Takeaway: Prioritise readable, scannable, quotable structure (headings, lead sentences, lists, one-claim-per-section). Add structured data on top so machines can parse intent and entities. Structure first, then structured content.


The landscape will keep shifting. A few directions that matter for your playbook:

  • More zero-click and answer-first search — A growing share of queries will be answered directly in AI interfaces (ChatGPT, Perplexity, Google AI Overviews, voice assistants). Traffic to traditional blue links may flatten or decline for some queries. Optimising for citation and attribution (AEO/GEO) will matter as much as, or more than, ranking alone.
  • Unified "search everywhere" — The line between "SEO" and "AI search" will blur. Tools and reporting will combine organic rankings and AI citation/share of voice. Building one strategy that serves both (as in Module 2) will be the norm.
  • Trust and verification — As users and regulators focus on AI accuracy, sources that are clearly credible (E-E-A-T, cited elsewhere, consistent facts) will be favoured. Doubling down on reputation (Module 4) and clear, verifiable content will pay off.
  • Vertical and niche AI search — Domain-specific AI tools (e.g. for code, health, legal, shopping) may use different indexes or ranking logic. If your market has a dedicated AI product, watch how it surfaces and cites sources and adapt your content and schema accordingly.
  • Measurement and standards — Expect more dashboards and metrics for "AI visibility" (citation rate, share of voice by prompt set). Testing with real prompts and tracking over time (as in Module 3) will remain essential; the tools will get better, but the habit of measuring and iterating will not change.

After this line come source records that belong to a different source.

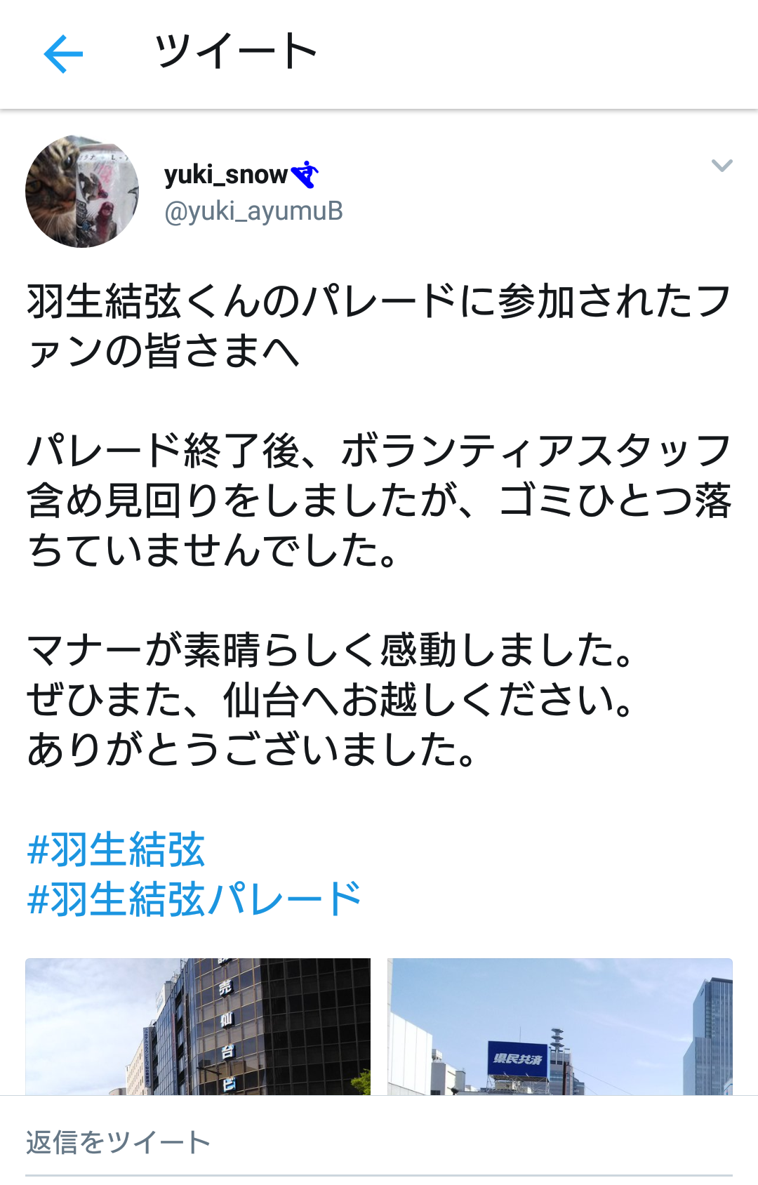 ありがとうございました。#羽生結弦#羽生結弦パレード pic.twitter.com/7aH7bEHhTa— yuki_snow🏂 (@yuki_ayumuB) 2018年4月22日
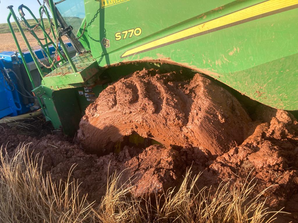 Considering how much rain this area had received in such a short period of time, and the lay of the land for our fields, we really do consider ourselves lucky that there was only one major moment like this. Yes, there were a few other minor ones but they were back up and running quickly. We were able to get all the wheat out on the entire farm except 15 acres. Under these tough conditions, that is a success story.
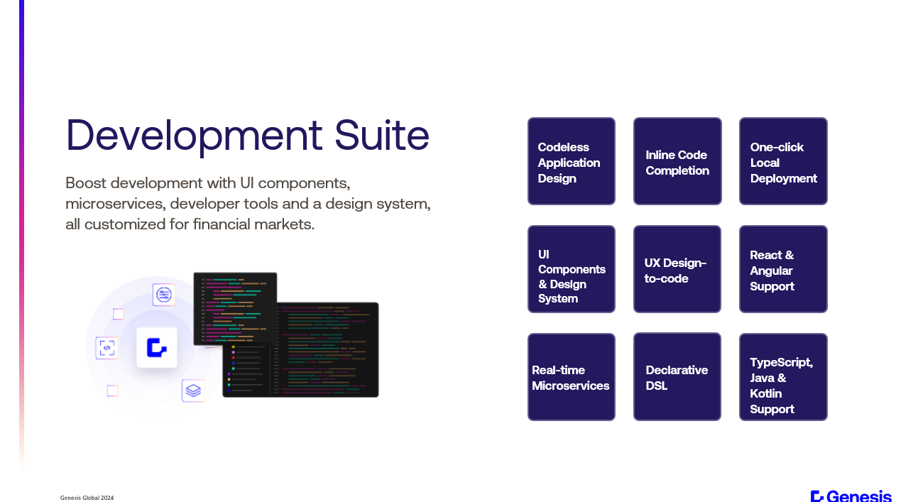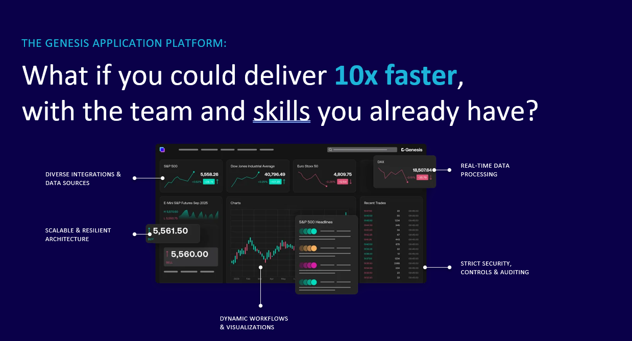 Genesis Global | Enterprise companies (1,001+ employees) | Genesis provides financial market organizations with a low-code platform that enables developers to build applications. | N/A | |
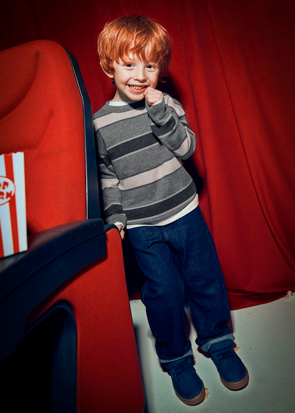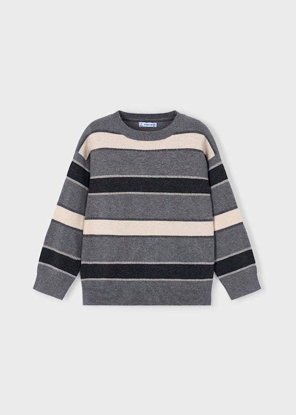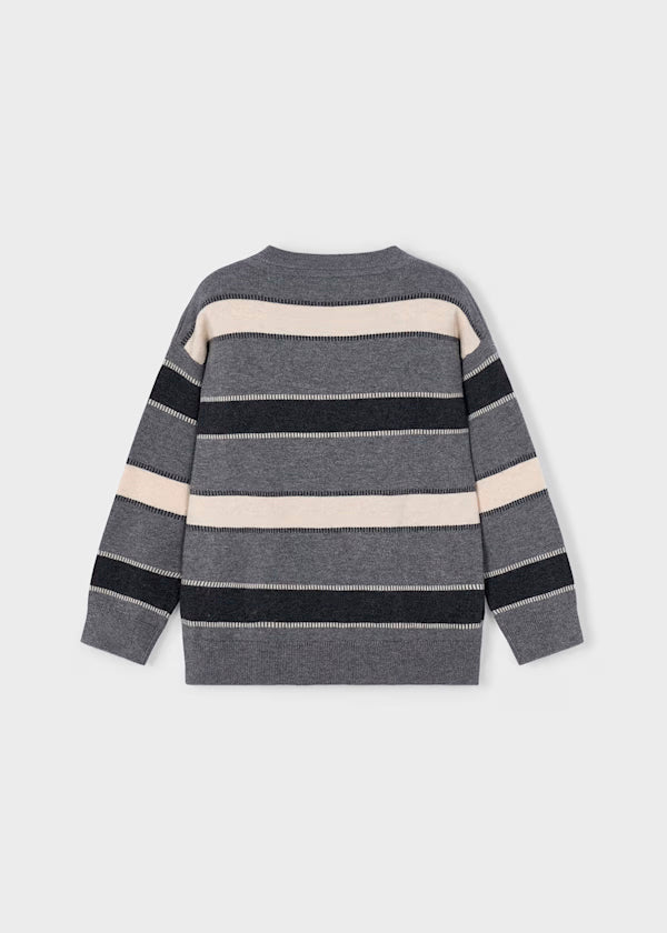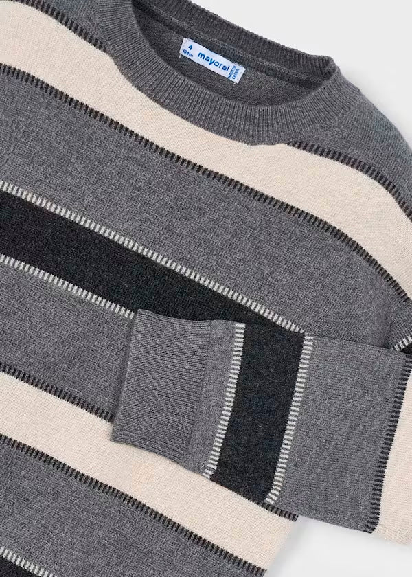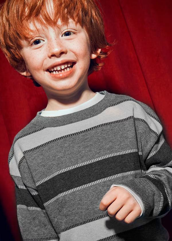 Contiene poliamida reciclada. Jersey de manga larga para niño. Cuello redondo. Tejido de punto tricotosa de tacto suave y agradable. Motivo de rayas

Staying ahead means treating AI search as a first-class channel now: clear content, strong structure, E-E-A-T, and consistent presence where your audience and AI both look.


Where to go from here

You now have a full playbook: definitions (GEO, LLM SEO, AEO), side-by-side comparison, one-page optimisation for all channels, how AI gets information and how to optimise key pages, E-E-A-T and external reputation, and advanced tactics (AEO vs GEO, speed, structure over schema). Use it to make your brand the one AI recommends — and keep testing with real prompts and real tools so you stay ahead as the landscape changes.

For ongoing measurement and optimisation, consider tools that let you run target prompts against ChatGPT and other AI interfaces and track when you’re cited — so you can iterate with confidence.